Work to complete »
Could you give the data below again exactly, apart from the pictures?

Records contained in a dataset:
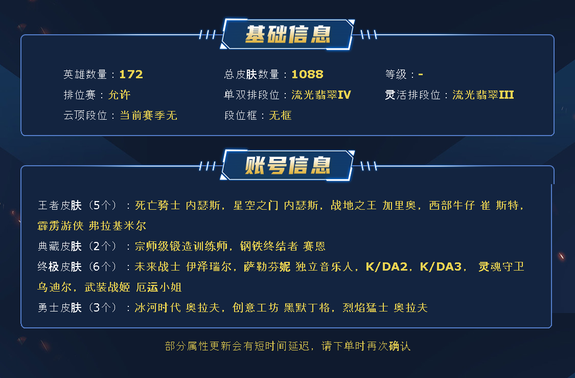 【德玛西亚】1088P丨27神话至臻丨神龙李青丨EDG冠军套丨霸天丨神王丨黑夜亚索丨至臻卡莎泽丽剑魔
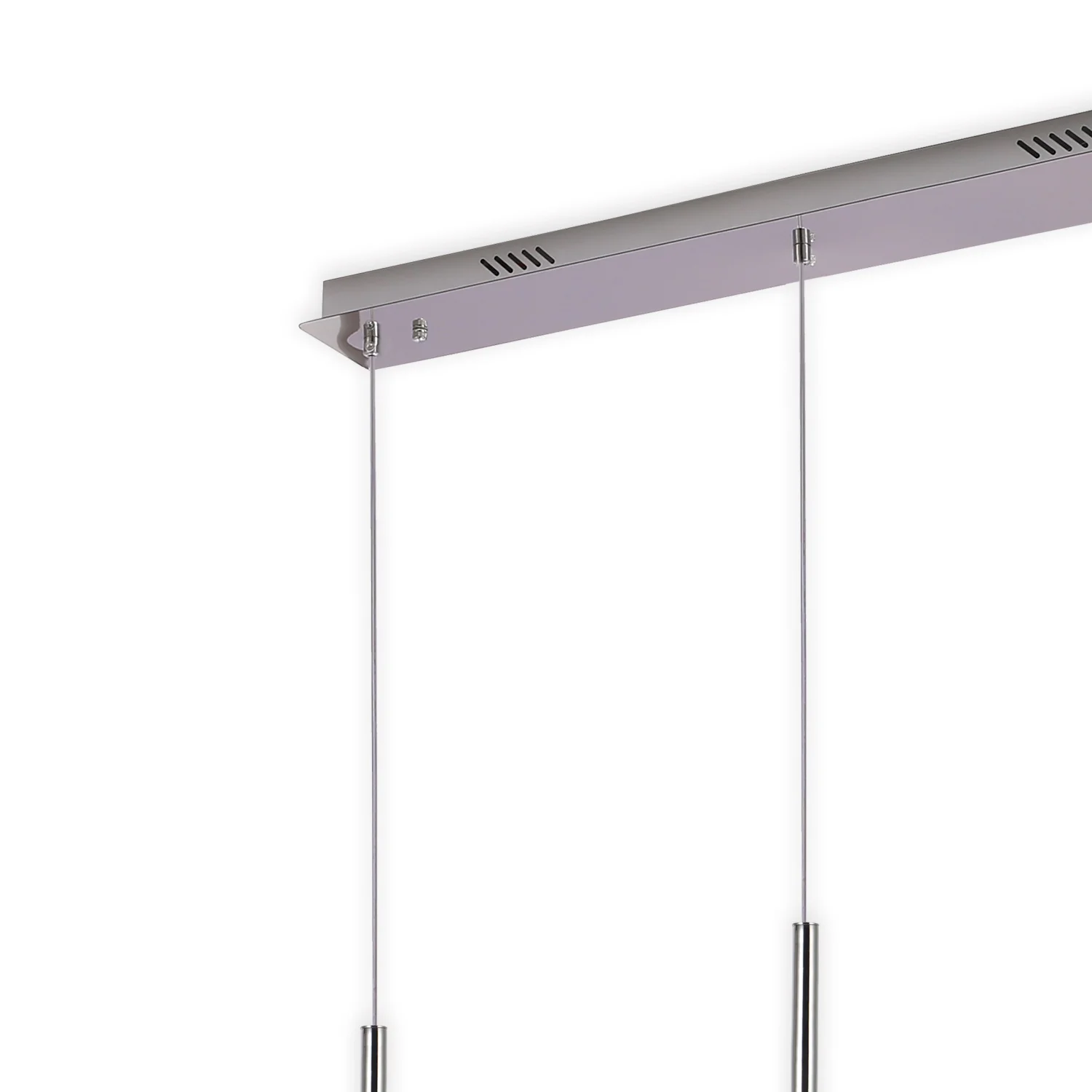 L'apparecchio funziona con tre lampadine con attacco E14 fino a 40W (lampadine non incluse). Le lampadine a LED sono consigliate per garantire efficienza e durata. Inoltre, è possibile personalizzare l'altezza dei pendenti in base alle proprie preferenze.
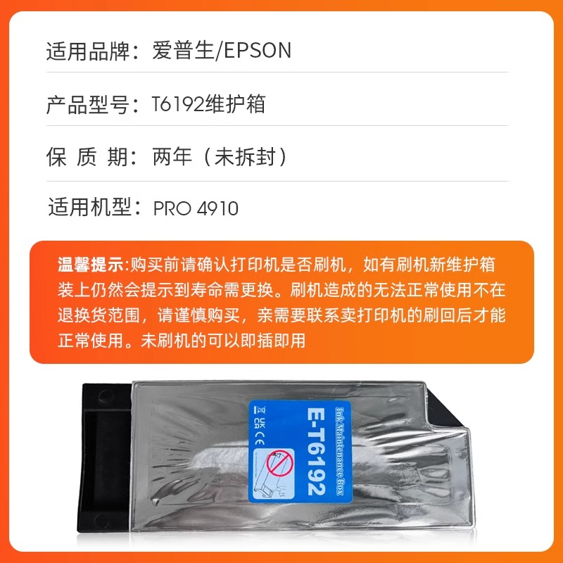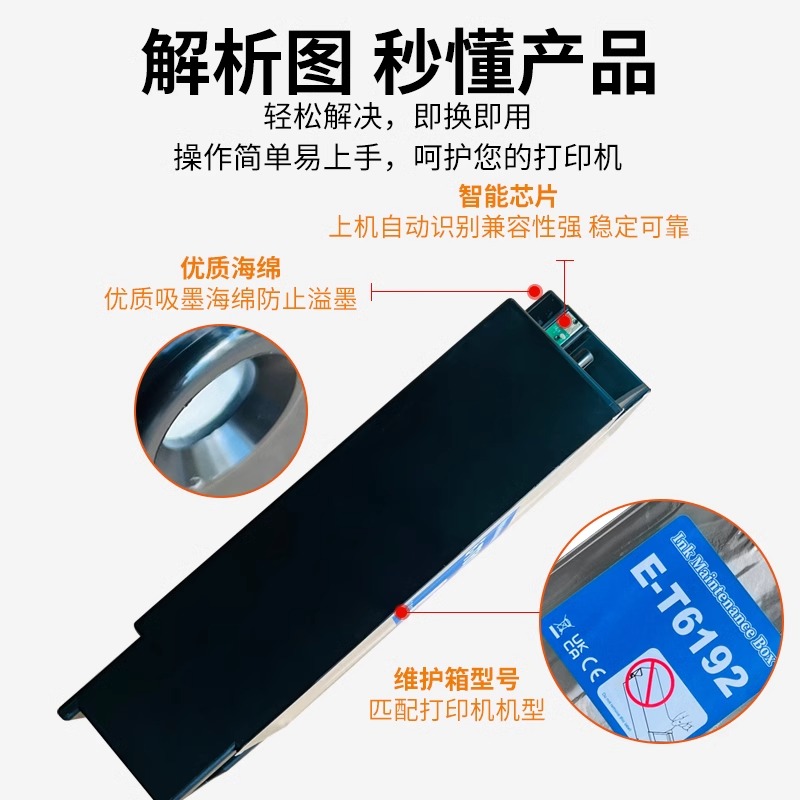适用于爱普生T6192废墨仓 epson pro4910维护箱宽幅照片 pro 4910打印机废墨垫
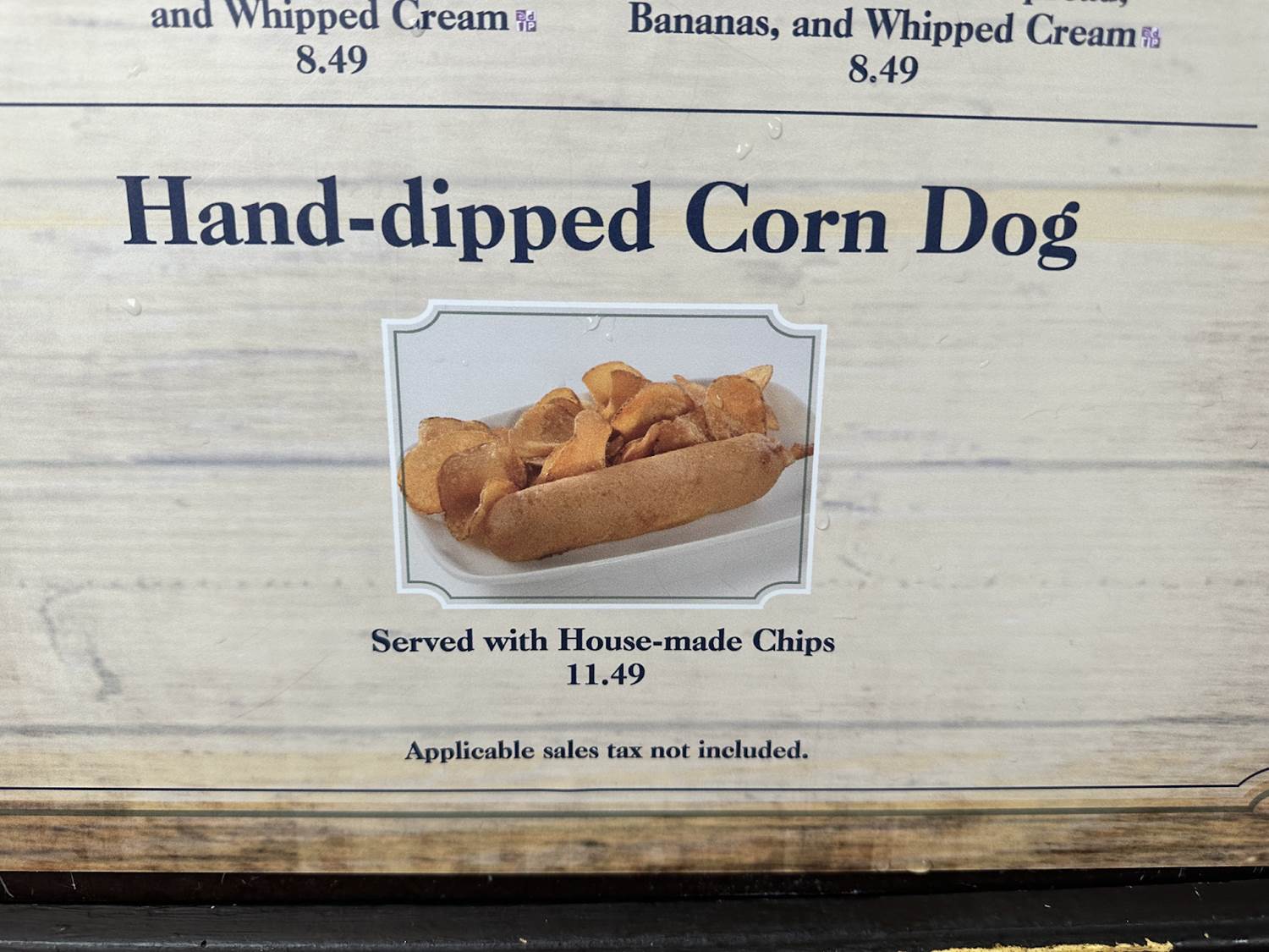 - Guests can also find a Hand-dipped Corn Dog here, served with some delicious house-made chips.
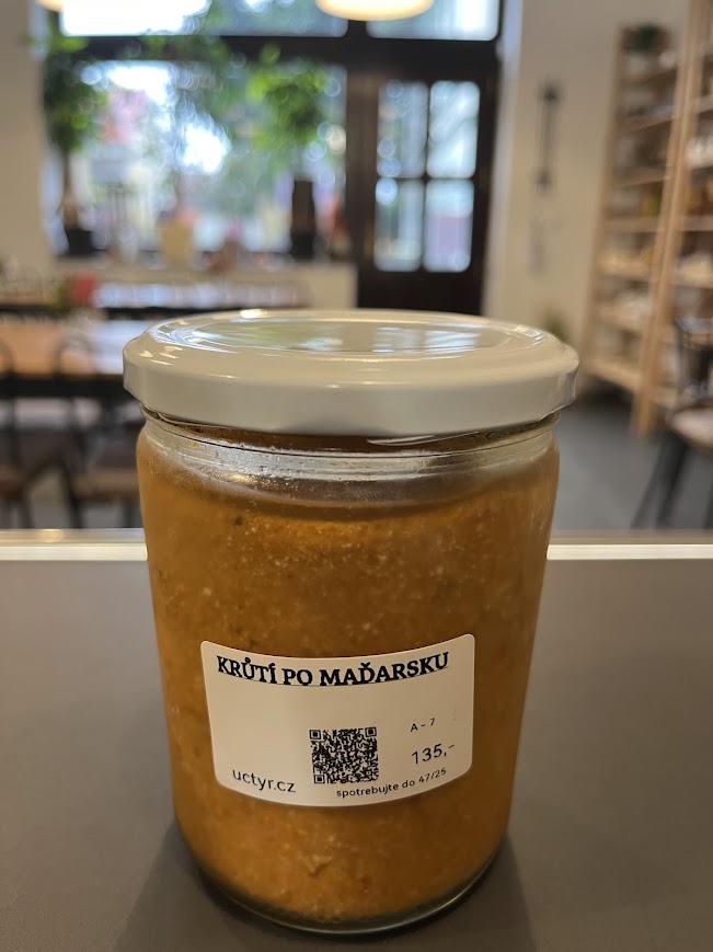 Krůtí maso (150 g syrového masa)-30%, cibule, paprika čerstvá, zakysaná smetana, koření
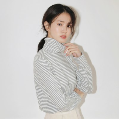 스트라이프 패턴이 캐주얼한 폴라 탑 입니다.
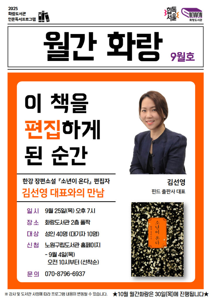 월간 화랑 9월호2025 화랑도서관 독서문화프로그램 이 책을 편집하게 된 순간 한강 장편소설 『소년이 온다』 편집자 김선영 대표와의 만남 김선영핀드출판사 대표
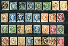 France #3/36. A selection of early, all different, used "Ceres" and "Napoleon III" designs, including a number of shades. Overall condition is average for this period, but the stamps are fresh, and there are lots of identifiable cancels, be they CDS or numeral (both diamond and star grid cancels). 2024 Scott US$652.75 =
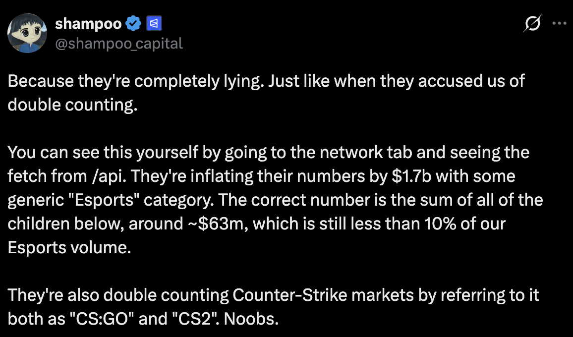 社群近日熱議「電競數據灌水 17 億美元」指控,來源是 Polymarket 團隊成員 Shampoo,他在回應 Paradigm 的預測市場監控工具時提出質疑:
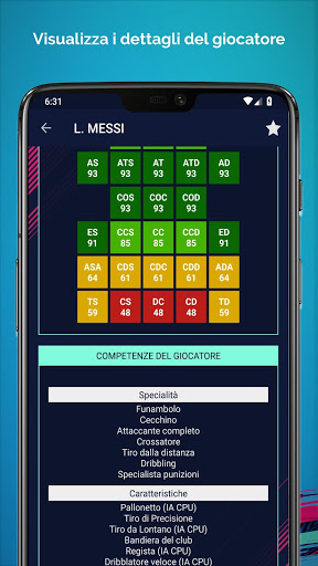 Il data base dell'applicazione è costantemente aggiornato con il gioco FIFA 19. Se vuoi seguire gli ultimi dati di gioco di FIFA 19, segui gli aggiornamenti della nostra applicazione.

Output for this exercise »
 【德玛西亚】1088P丨27神话至臻丨神龙李青丨EDG冠军套丨霸天丨神王丨黑夜亚索丨至臻卡莎泽丽剑魔
 L'apparecchio funziona con tre lampadine con attacco E14 fino a 40W (lampadine non incluse). Le lampadine a LED sono consigliate per garantire efficienza e durata. Inoltre, è possibile personalizzare l'altezza dei pendenti in base alle proprie preferenze.
适用于爱普生T6192废墨仓 epson pro4910维护箱宽幅照片 pro 4910打印机废墨垫
 - Guests can also find a Hand-dipped Corn Dog here, served with some delicious house-made chips.
 Krůtí maso (150 g syrového masa)-30%, cibule, paprika čerstvá, zakysaná smetana, koření
 스트라이프 패턴이 캐주얼한 폴라 탑 입니다.
 월간 화랑 9월호2025 화랑도서관 독서문화프로그램 이 책을 편집하게 된 순간 한강 장편소설 『소년이 온다』 편집자 김선영 대표와의 만남 김선영핀드출판사 대표
 France #3/36. A selection of early, all different, used "Ceres" and "Napoleon III" designs, including a number of shades. Overall condition is average for this period, but the stamps are fresh, and there are lots of identifiable cancels, be they CDS or numeral (both diamond and star grid cancels). 2024 Scott US$652.75 =
 社群近日熱議「電競數據灌水 17 億美元」指控,來源是 Polymarket 團隊成員 Shampoo,他在回應 Paradigm 的預測市場監控工具時提出質疑:
 Il data base dell'applicazione è costantemente aggiornato con il gioco FIFA 19. Se vuoi seguire gli ultimi dati di gioco di FIFA 19, segui gli aggiornamenti della nostra applicazione.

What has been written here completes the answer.